Atelier du matin,
atelier féminin…
L’atelier du matin s’ouvre à la petite
enfance et à l’école maternelle à travers 3 contributions de
chercheures. Jusqu’à ici, la parité a été malmenée, et les hommes
majoritaires à la tribune. Ici, rien que des femmes. La petite enfance
serait un domaine réservé ?…
L’animateur
de l’atelier est un homme, Michel Warren, de l’université de Paris
Ouest Défense, spécialiste de la scolarisation des jeunes enfants «
de moins de trois ans, comme on disait au ministère, plutôt des petits
de 2 ans ! La différence sémantique a son importance… »,
souligne-t-il.
Les trois interventions tissent des liens entre l’analyse du travail,
la formation, la transmission d’une part, quel que soit le métier
(famille d’accueil, éducatrice de jeunes enfants et enseignantes
d’école maternelle) et d’autre part le développement professionnel
conjoint que cela entraine, quelle que soit la place occupée (stagiaire
ou référente, conseillère pédagogique ou enseignante).
Nicole Chapon,
de l’université de Provence, montre, à l’issue d’entretiens et d’une
immersion dans des familles d’accueil, ce que l’on transmet aux enfants « placés ».
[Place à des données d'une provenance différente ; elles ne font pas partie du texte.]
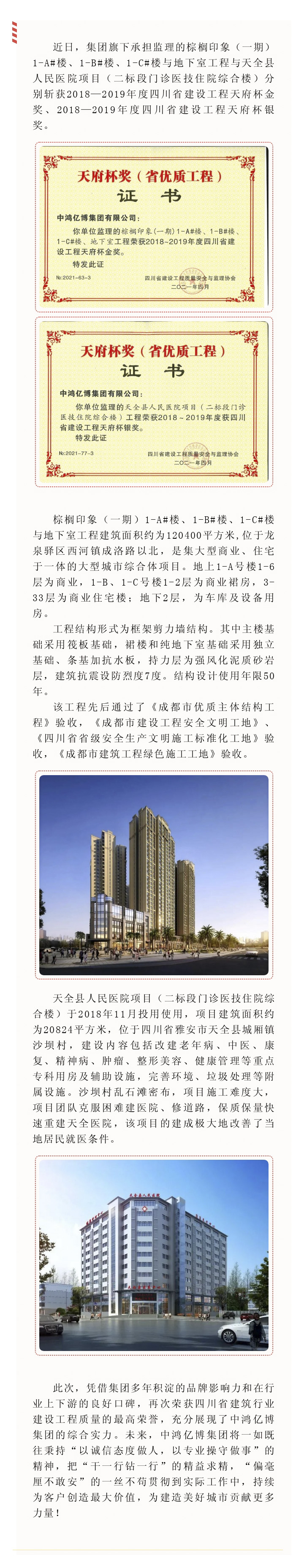 匠心顯成效|集團兩項目再獲四川省建筑行業(yè)建設(shè)工程質(zhì)量的最高榮譽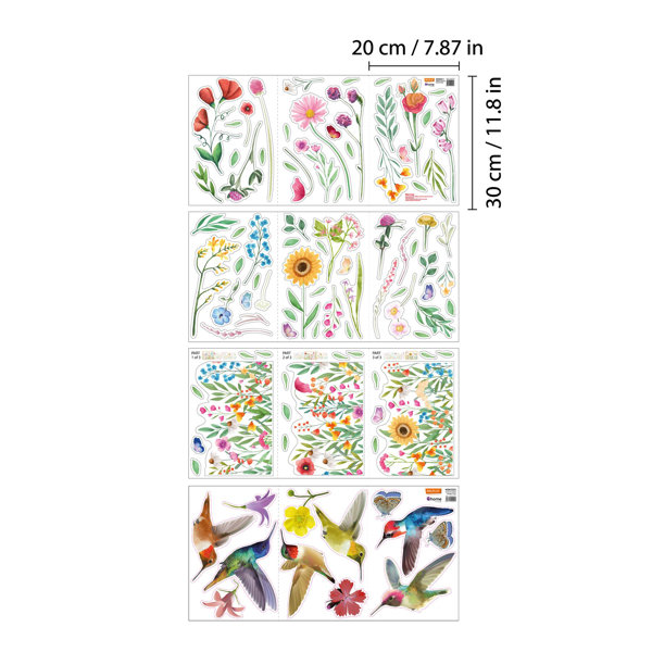 Our Huge Hummingbird with Watercolour Wildflower Meadow Windows Clings are double-sided printed so that you can see the image from both sides of the window. They also great as party decorations, can be applied to windows, doors, floor, fridge, glasses, bathroom, home appliance, air-condition, office, dorm, or retail store. Our clings are without glue, and you can reuse them how many times you want! To install, make sure the surface is clean and smooth, spray a little water on the window to paste it better. To help to prevent the collisons, apply the elements not far from 10cm or 4 inch of each other. Easy and convenient to remove without damaging the glass. Each packaging contains 12 sheets of 30 x 20 cm or 11.8 x 7.8 inch, with 98 clings in total. Finishing size: 105 x 91 cm or 41.5 x 35.8 inches.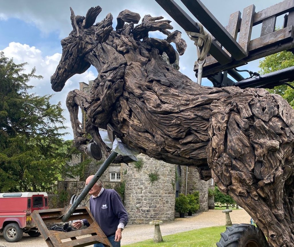 Giant driftwood horse sculpture ‘Ascent’ leaves Upton Castle Gardens for Spain
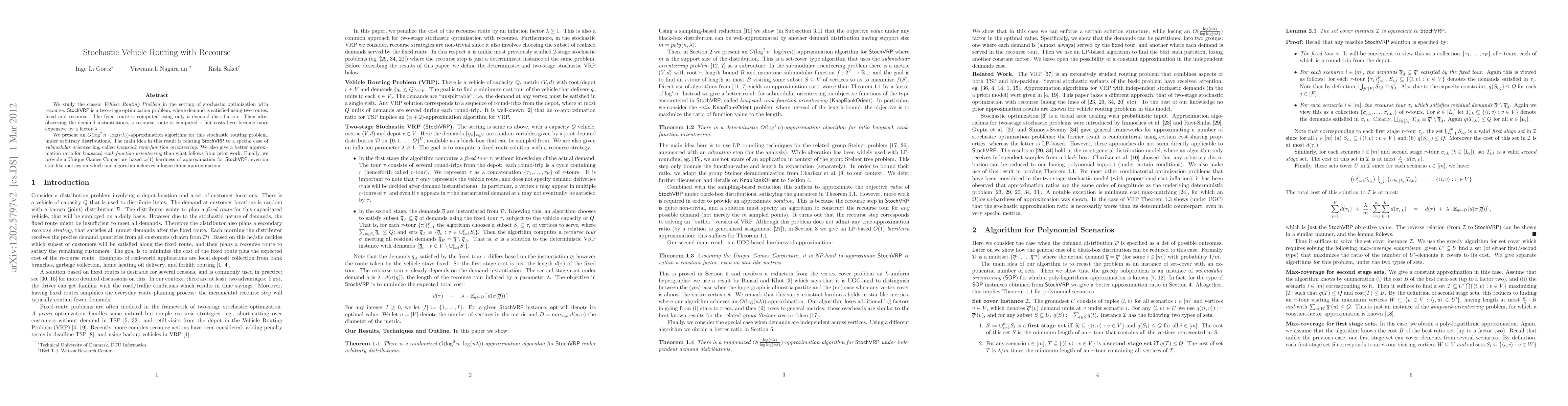 This paper presents an approximation algorithm for solving the Stochastic Vehicle Routing Problem (StochVRP) with recourse, achieving a logarithmic approximation ratio under arbitrary distributions. The solution leverages a connection to submodular orienteering problems, providing insights into the hardness of approximating StochVRP.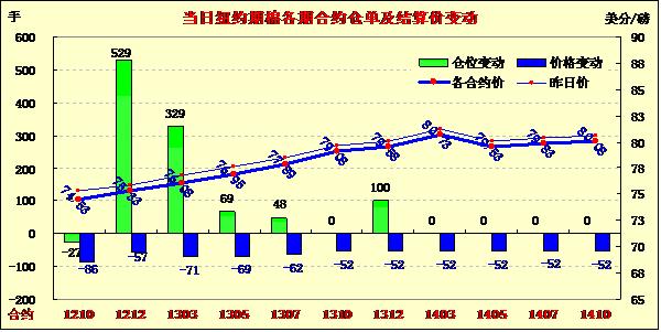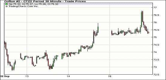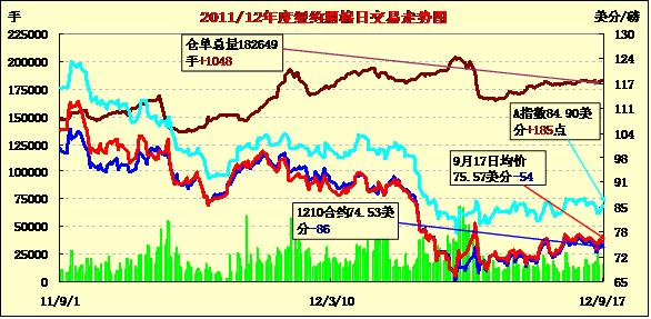 9月17日,在美元走強(qiáng)、外部谷物商品市場大幅走低的拖累下,紐約期棉結(jié)束前兩個交易日的漲勢掉頭收跌,近期10月合約收于74.53美分/磅,跌86點;主力12月合約結(jié)算價75.33美分/磅,跌57點。當(dāng)日市場小幅低開,主力12月合約上半場運行平穩(wěn),基本圍繞75.40美分/磅上下震蕩;午盤后該合約在一撥投機(jī)買盤支持下上行,挑戰(zhàn)77美分/磅未果,最高至76.77美分/磅,為9月11日以來最高值;后外部市場走低打壓期棉回落,該合約回吐全面漲幅,盤終中幅收跌。美聯(lián)儲推出新一輪量化寬松措施促使期棉在上周后兩個交易日持續(xù)上揚,然而其基本面上仍處于疲軟態(tài)勢,主力12月合約過去四周內(nèi)在72-77美分/磅震蕩,本周一(17日)外部市場大跌拖累期棉市場也一同下行。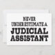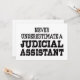 Legal design com a citação "Nunca subestime um assistente judicial". Perfeito para assistente judicial, funcionários, juízes, advogados, advogados, conselheiros.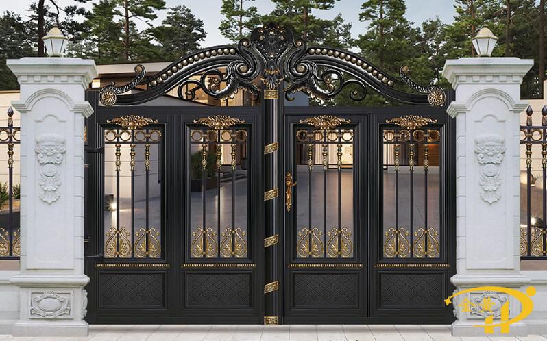 本款中式庭院大门,型号是6835,任何尺寸均可定做,镂空门扇采用各种尺寸铝型材及铝花拼接而成,实心门扇采用整体铸铝板而成。注意:整体纯铝门柱款式及尺寸可根据客户实际要求量身定制。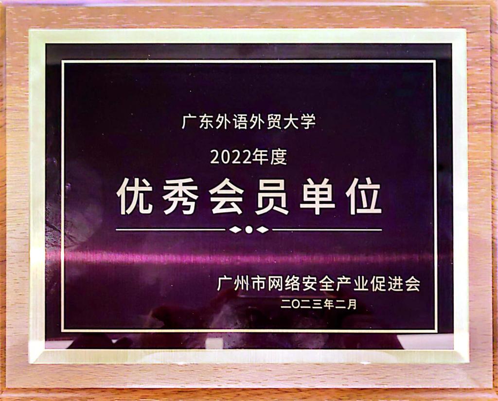 本网讯 2月14日,广州市网络安全产业促进会第一届第四次会员大会在广州举行。广州市网络安全产业促进会会长、广州市委网信办副主任贺忠出席大会并讲话。本次大会颁发了2022年度优秀会员单位牌匾,我校是获此殊荣的广东省内唯一一家高校单位。我校信息科学与技术学院、网络空间安全学院副院长谢柏林出席授牌仪式。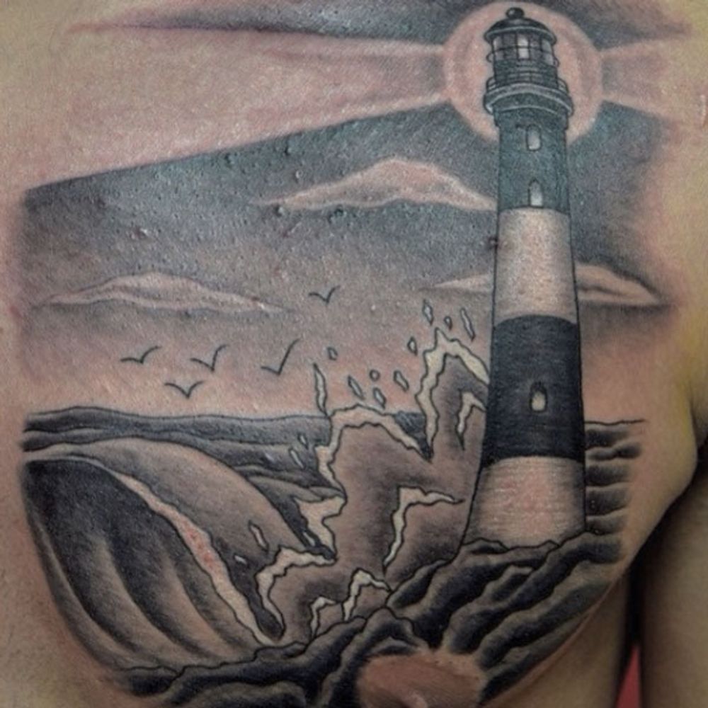 Fire Island lighthouse tattoo by Tara #fireisland #lighthouse #longisland #lighthousetattoo #chest #islandlife #tattootara #blackandgrey #bodydesigns

Rappelons que presque 300 000 enfants sont suivis par l’Aide Sociale à
l’Enfance, dont la moitié en famille d’accueil, sur 15 millions
d’enfants vivant en France. Elle fait d’emblée la différence entre la
parenté et la parentalité. Les familles d’accueil co-existent à côté
des parents naturels, les uns et les autres essaient de s’accepter
mutuellement.
A travers la co-résidence, le partage du quotidien dans l’espace privé
qu’est le logement familial, les familles d’accueil transmettent des
gestes, bien sûr, mais bien au-delà… Elles transmettent des rythmes
et des règles de vie collective, elles leur donnent une place dans leur
famille et au sein de la fratrie. Elles véhiculent des normes et des
valeurs qui deviennent structurantes pour que les enfants qu’on leur
confie puissent se (re)construire une place dans la société.
Valérie
Rémery, doctorante à l’université de Genève, a analysé les compétences interactionnelles des éducatrices de
la petite enfance dans l’animation d’activités de jeu, pour les rendre
visibles. «
Je filme les professionnelles en situation réelle de travail, je
conduit des entretiens d’auto-confrontation et des entretiens
pédagogiques entre la référente et la stagiaire qui va mener
l’activité. Et c’est ainsi que des ressources nécessaires au
développement de la professionnalité de stagiaires sont sémiotisées et
re-sémiotisées… »
Elle montre comment, dans le réel du travail, les situations
professionnelles rompent avec un déroulement strictement prescrit et
routinisé, et s’adaptent aux contraintes d’une gestion locale : ainsi,
lors d’une activité de jeu structuré (apprendre à jouer en utilisant
les règles du jeu des doubles avec 6 enfants de 2 ans), certains
enfants ne peuvent attendre leur tour et répondent spontanément avant
le joueur désigné. L’éducatrice référente intervient pour gérer cette
partie conflictuelle et la stagiaire peut continuer de s’occuper du
groupe.
«
Entre transmission et autonomisation, comment passer d’acteur à auteur de sa pratique » ? Catherine Lanaris
a étudié cette question dans la formation continue d’enseignantes
d’écoles maternelles au Québec, dans l’enseignement de la «
psychomotricité » (chez nous les activités physiques et sportives
pratiquées en maternelle). Le partenariat serré entre les chercheures,
les conseillères pédagogiques et les huit enseignantes volontaires, une
formation filée et longue a permis de faire évoluer les pratiques
enseignantes. Alors qu’au début de cette formation, les enseignantes
sont demandeuses de « recettes » pour fonctionner rapidement, du
contenu théorique prêt à consommer (clé en main), les postures se
différencient au fur et à mesure de l’avancée de la formation.
Certaines adoptent une posture passive, avec des difficultés à entrer
dans les réflexions proposées, quand d’autres sont prêtes à
expérimenter des activités et acceptent de cheminer avec les formateurs.
Alors, comment change-t-on de posture ? Ces enseignantes se rendent
compte qu’une pratique n’est pas une reproduction, les connaissances
prennent sens et elles s’emparent des outils.
« On navigue toujours entre transmission et autonomisation, entre
continuité et rupture. Mais les conditions du changement de pratiques
passent par de l’engagement personnel. », dit Catherine Lanaris.